A $30$-gon $A_1A_2\cdots A_{30}$ is inscribed in a circle of radius $2$. Prove that one can choose a point $B_k$ on the arc $A_kA_{k+1}$ for $1 \leq k \leq 29$ and a point $B_{30}$ on the arc $A_{30}A_1$, such that the numerical value of the area of the $60$-gon $A_1B_1A_2B_2 \dots A_{30}B_{30}$ is equal to the numerical value of the perimeter of the original $30$-gon.
I claim this can be done by setting $B_k$ to be the midpoint of $A_kA_{k+1}$ for all $1\leq k\leq 30$ (where $A_{31}\equiv A_1$).
Let $OB_1$ intersect $A_1A_2$ at $H_1$, and define $H_2$, $H_3,\cdots, H_{30}$ similarly.

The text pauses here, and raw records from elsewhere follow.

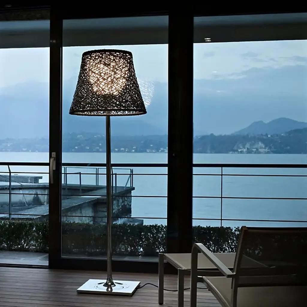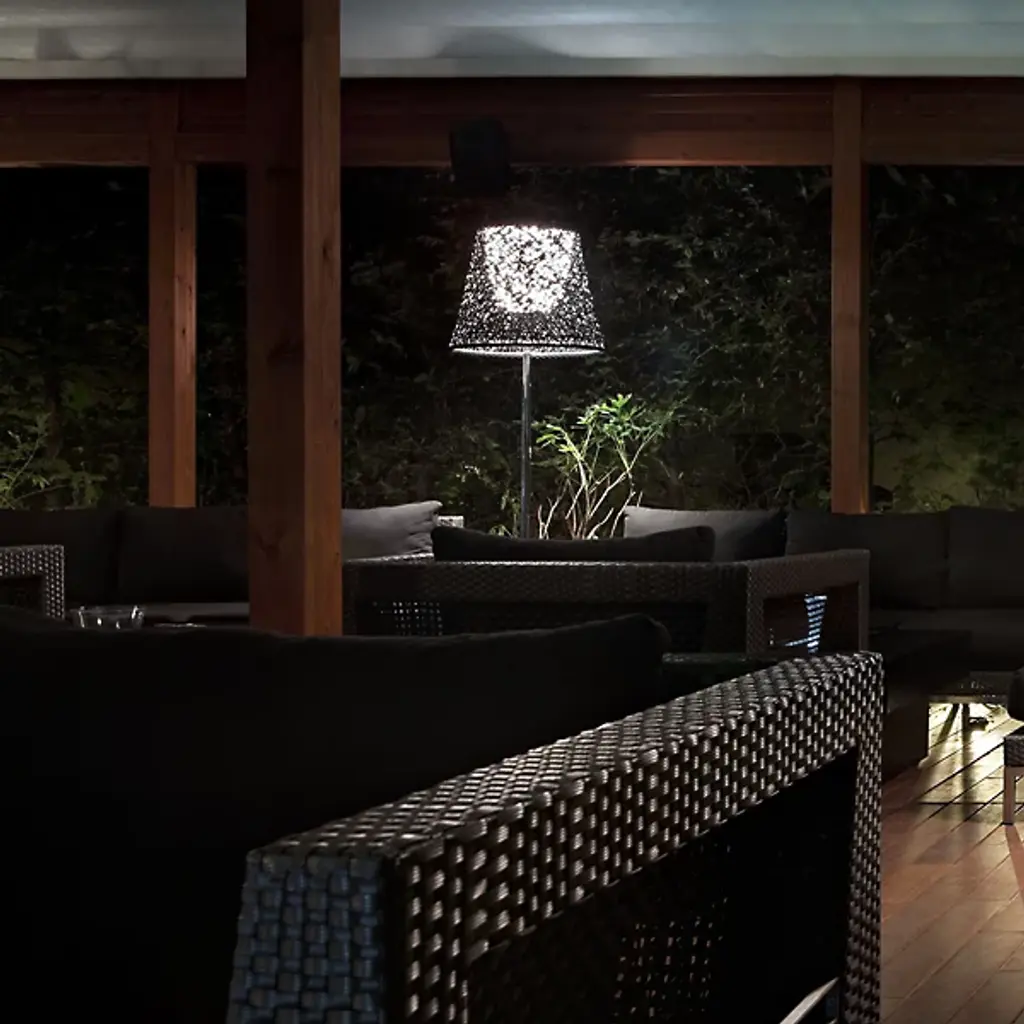 The cool style of Ktribe made just for the outdoors. The Flos Ktribe F3 Outdoor Floor Lamp is suitable for all weather with a braided PVC tube shade (available in a solid Green Wall color or two-toned Panama) and a water-resistant inner polycarbonate diffuser. The stem and base are made of durable die-cast aluminum and steel and coated in gleaming chrome.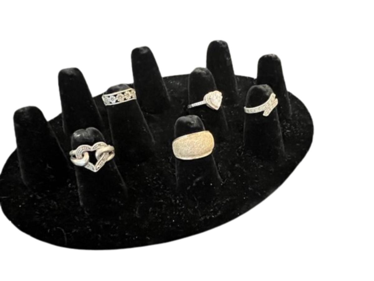 **WIRE TRANSFER IS REQUIRED IF SHIPPED.** [16.05g] Total of 5 rings. Sizes range from 4.5 to 8. [ST]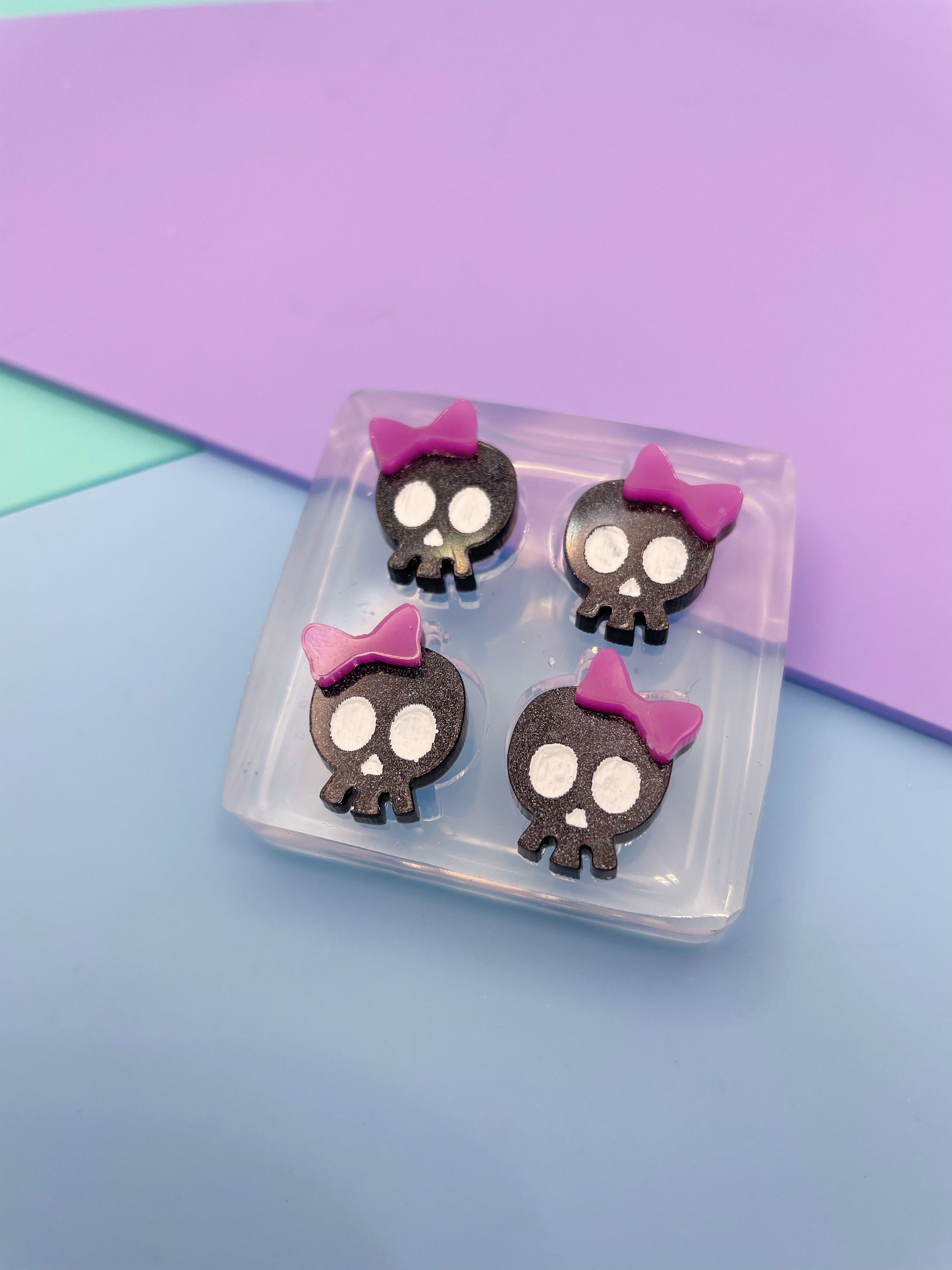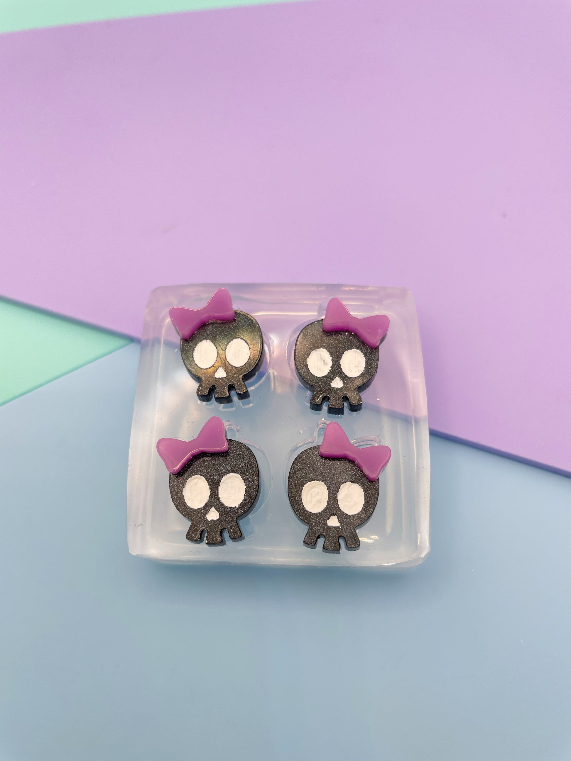 1.7 cm Mini Ribbon Skull Stud Earring Mold Halloween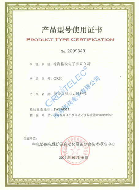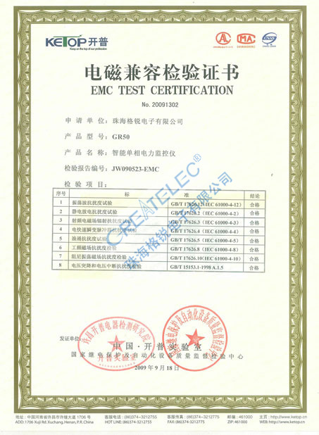 GR50電磁兼容檢驗證書-珠海格銳電子有限公司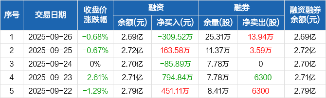 山东钢铁:融资净偿还309.52万元,融资余额2.69亿元(09-26)

Note that since $OA_1=OA_2$ and $BA_1=BA_2$, we have that $OB_1\perp A_1A_2$ (or more specifically that $OB_1$ is the perpendicular bisector of $A_1A_2$). Then using the fact that the radius of the circle is $2$, we have that \begin{align*}[A_1B_1A_2B_2\ldots A_{30}B_{30}]&=\sum_{k=1}^{30}\left([A_kOA_{k+1}]+[A_kB_kA_{k+1}]\right)=\sum_{k=1}^{30}\left(\dfrac12\cdot OH_k\cdot A_kA_{k+1}+\dfrac12\cdot B_kH_k\cdot A_kA_{k+1}\right)\\&=\sum_{k=1}^{30}\dfrac12\cdot A_kA_{k+1}\cdot OB_k=\sum_{k=1}^{30}A_kA_{k+1},\end{align*} as desired. $\blacksquare$